Two of the biggest drillers in America’s largest oil-producing state have asked Texas regulators to consider a cut to crude output after a historic price crash. Pioneer Natural Resources Co. and Parsley Energy Inc. asked the three-member Texas Railroad Commission on Monday to call an emergency virtual meeting no later than April 13 and issue an order setting the “reasonable market demand for oil from Texas” for May, according a five-page letter shared with Bloomberg News. Ryan Sitton, one of the commissioners, said earlier on Monday that the regulating body would discuss curbing oil output at its next meeting.

“We need dramatic government action, because we know the operators cannot uniformly talk together,” Matt Gallagher, chief executive officer at Austin, Texas-based Parsley, said in an interview. The pair of shale explorers believe a 20% cut to the state’s production would be most helpful for the industry, Gallagher said. Pioneer is led by Scott Sheffield, whose son Bryan is Parsley’s chairman.

The request comes less than a week after Sitton surprised the oil market with his own controversial call for state caps on oil output. His proposal for a 10% cut in production was blasted by the American Petroleum Institute, a major industry lobbying group, as a “shortsighted” and “anti-competitive” effort that will “harm U.S. consumers and American businesses.” Securing America’s Future Energy, a group that advocates for policies to reduce U.S. dependence on oil, said Monday that trying to regulate supplies would only give OPEC license “to continue manipulating the market at our expense.”

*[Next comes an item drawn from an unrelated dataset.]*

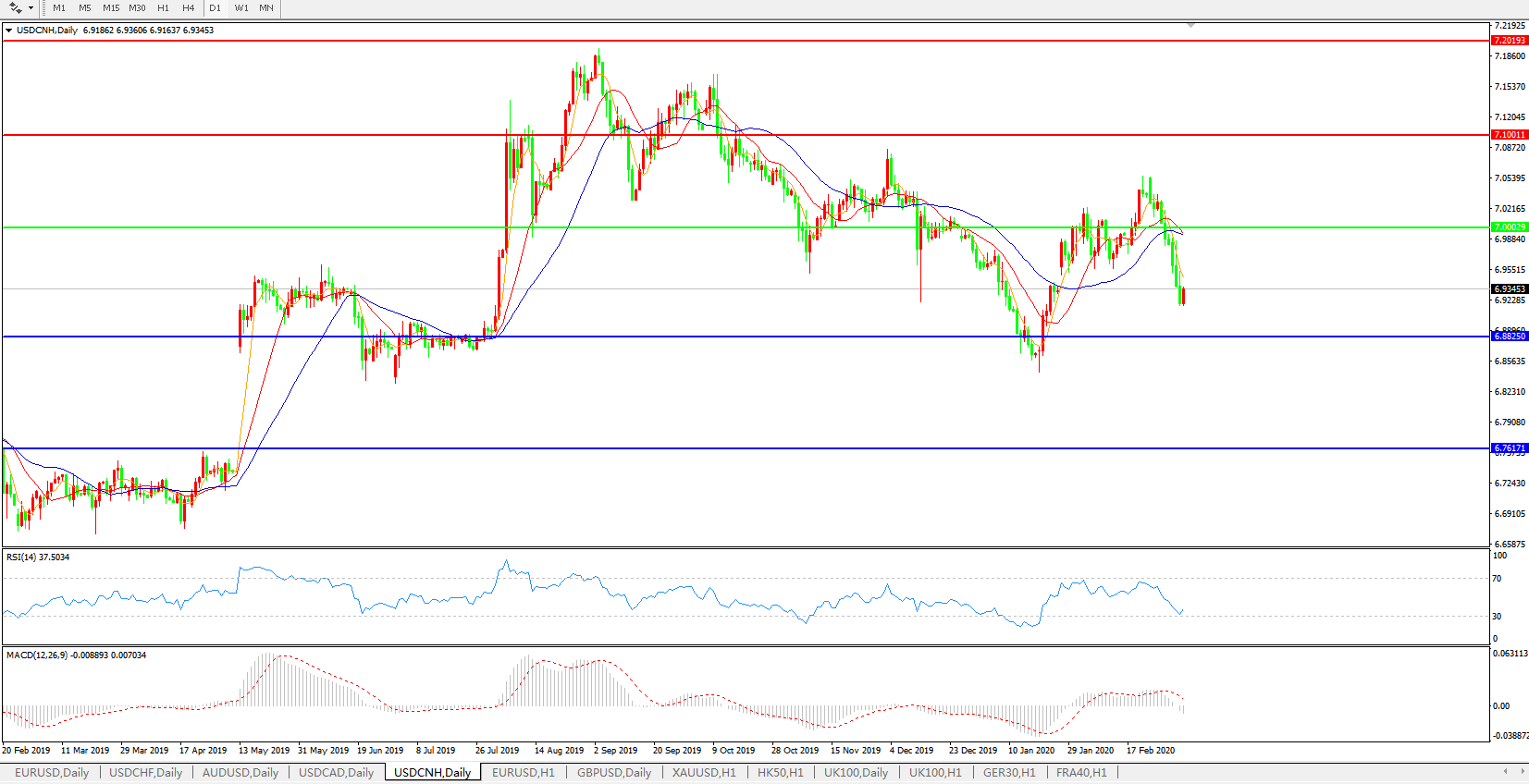 美元兑人民币USDCNH    日线图:

The crude industry is facing a rare combination of plummeting demand and soaring supplies as Saudi Arabia and Russia battle for market share amid the Covid-19 pandemic. Oil futures have tumbled to the lowest in almost two decades amid the outbreak, which has pummeled the global economy.

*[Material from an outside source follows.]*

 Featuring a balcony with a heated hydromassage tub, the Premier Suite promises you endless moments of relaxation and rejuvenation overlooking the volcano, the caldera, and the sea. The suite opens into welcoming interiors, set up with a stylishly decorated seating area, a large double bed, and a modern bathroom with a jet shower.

“Taking this action from a state level I think will help enable discussions at an international level from our federal government,” Gallagher said.

Quarter of all Texas drilling rigs dropped in a year

Gallagher said he’s most concerned that if the U.S. energy industry drops to complete inactivity for a couple of months, it would hit the oilfield services industry so hard that companies could never recover. The U.S. has already lost its ability to ever produce 13 million barrels a day again, creating the risk that the country will become more reliant on imports, he said.